Closed yakkomajuri closed 3 years ago
(Not blocking). For the rest of us, would be nice to hear a short summary of the discussion!
Specifically, about how $increment makes ingesting backwards harder, and are we deciding to remove it because 371 gets harder, or because it's not being used - despite some people having asked for it? :)
Yes, thanks for asking. It's important to give visibility.
So $increment
was something that I wanted to build, so when I joined the Extensibility team I used some of my off time to build it as a way of familiarizing myself with the codebase. However, I didn't take it forward, never documenting it and taking a long time to add support for it in posthog-js
.
As a result, it seems nobody uses it. I am not 100% certain of this, but: We don't have mat_$increment
on the events table, and I've timed out queries looking for an event with $increment
. I couldn't find one by sampling either.
That alone could be a reason for dropping it, but it also makes property updates more complicated. Essentially, increment should aways run independently of timestamp, whereas set
and set_once
will become timestamp dependent. The other problem is that the current implementation assumes the user will only increment a given property, and mixing set/set_once with increment is undefined behavior.
To account for timestamps + mixing it with set/set_once we'd need to add some more complex handling that currently isn't justified by its usage. However, the idea here is to revisit this as soon as someone asks for it.
The good news is that the work I did on increment is the seed of #371 , as you can see by looking at https://github.com/PostHog/posthog/pull/6475 :D
Just to expand on the explanation for why increment is complicated:
TLDR: this is way too complex and inc use cases don't require mixing.
The way this in theory is logical to work is we look at increment timestamps and after set/set_once apply the increments from that point forward. Now imagine
inc(a: 1, ts = 1)
inc(a: 20, ts = 2
set(a: 300, ts = 3)
inc(a: 4000, ts = 4)
inc(a: 50000, ts = 5)
we'd want to get a = 54300 (ignoring the increments before the initial set) but if we process it in this order (lots of reasons why we can run into this, e.g. network routing differences/resending):
inc(a: 20, ts = 2)
inc(a: 4000, ts = 4)
set(a: 300, ts = 3)
inc(a: 1, ts = 1)
inc(a: 50000, ts = 5)
When we see set
in order to know that we need to apply 4000 inc and not apply 20 inc we need to know all previous increments and their timestamps (we can optimize this in a way that we keep inc sums from the beginning of time, which means we don't need to look through all of them and sum up, but that makes inc ingestions a bit more work and still requires us to keep all timestamps). For the inc after set we can just compare to the timestamp of the set call, so that's not that tricky. It's even more complex with set_once as that can move backwards in time (if we later see a set_once with earlier timestamp we need to use that instead).

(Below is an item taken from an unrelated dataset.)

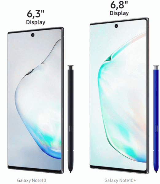 Galaxy Note10+ оборудован 6.8-дюймовым изогнутым Dynamic AMOLED Infinity-O дисплеем с разрешением Quad HD+ (3040 х 1440 пикселей), плотностью 498ppi, HDR10+, защитным стеклом Corning Gorilla Glass 6. Смартфон выпускается в версиях с 12 ГБ ОЗУ и 256/512 ГБ памяти UFS 3.0. Питание осуществляет аккумулятор емкостью 4300 мАч с поддержкой быстрой проводной зарядки мощностью до 45 Вт и беспроводной зарядки (WPC и PMA), Wireless PowerShare. Кроме того, Galaxy Note10+ получит версии с поддержкой 5G. У обычного Note10 тоже будет поддержка сетей пятого поколения, но стоимость его 5G-версий не озвучена. В наличии слот для карт памяти объемом до 1 ТБ, только он гибридный.

However if you think about the use case for why someone would want to use increment we don't really need it to be mixed with set/set_once. The initial value is 0 and then inc can be used to set it to whatever we need initially.
Updates become simple as we'd just ignore timestamps. But ...
Changes
$increment makes #371 a bit harder.
We discussed this at the platform standup and decided to just get rid of this feature for now. Some analysis on events appears to indicate that this is rarely used if at all. This is expected as it was never documented.
This was a feature I originally built as a way of getting familiar with the plugin server. It's nice, but we can revisit when we get a request for it.